Entangled API

Rust implementation of the Entangled v1.0 protocol: typed signed documents, closed-schema validation, JCS canonicalization, Ed25519 signing and verification, Publisher Identity Phrase derivation, Tor v3 origin binding, canary checks, and client-side state helpers.

Entangled is a protocol for publishing signed, structured documents over hostile or anonymity-oriented carrier networks. It is designed for small content sites where the reader should be able to verify publisher identity while the client keeps the rendering attack surface deliberately narrow.

A site built with Entangled is not a web application. It is a set of signed JSON documents served over a carrier such as Tor v3 and rendered by a dedicated client.

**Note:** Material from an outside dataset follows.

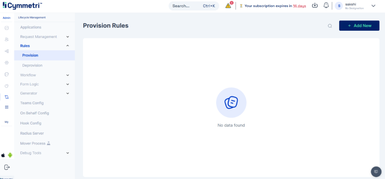 Once Mover is enabled and configured, add provision rules. Click on "Add New" to begin the configuration process for a new rule.

There is no JavaScript, no DOM scripting, no HTML, no cookies, no ambient browser storage, and no publisher-controlled client chrome.

Status

entangled-api currently contains one Rust crate:

• entangled-core: the protocol core library.

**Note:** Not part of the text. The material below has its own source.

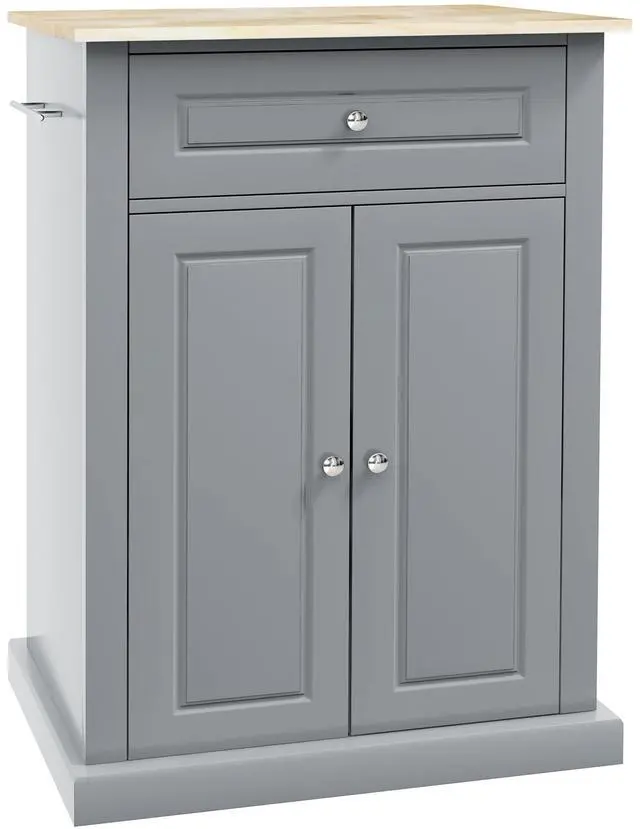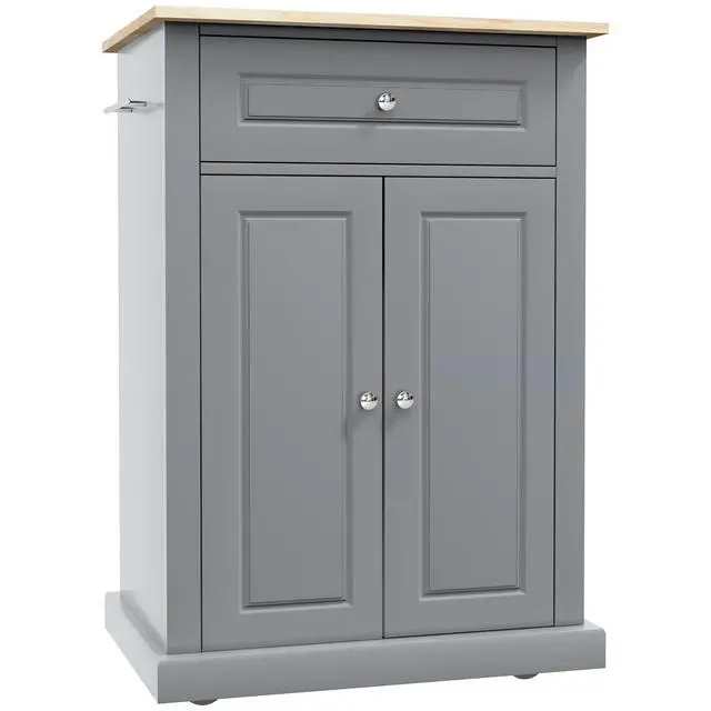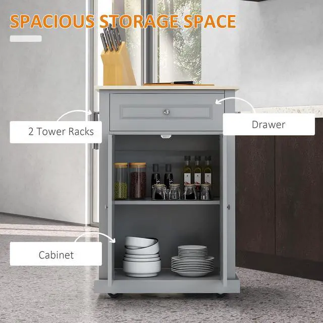• Rolling Kitchen Island Cart, Portable Serving Trolley Table with Drawer, Adjustable Shelf and 2 Towel Racks, Grey

Current crate version: 0.10.0.

Implemented in entangled-core:

• Manifest, content, and transaction document types.
• Closed-schema validation for Entangled v1.0 wire formats.
• Eleven signed content block kinds.
• JCS canonicalization for signature inputs.
• Ed25519 signing and strict verification.
• Signature domain separation for manifests, content, and transactions.
• Publisher Identity Phrase derivation and recovery.
• Tor v3 onion address parsing and origin binding.
• Manifest type-state verification pipeline.
• Canary structure checks and canary state calculation.
• Anti-downgrade helper for publisher history checks.
• Client-side state storage with policy-aware helpers.
• Submit-body construction and validation.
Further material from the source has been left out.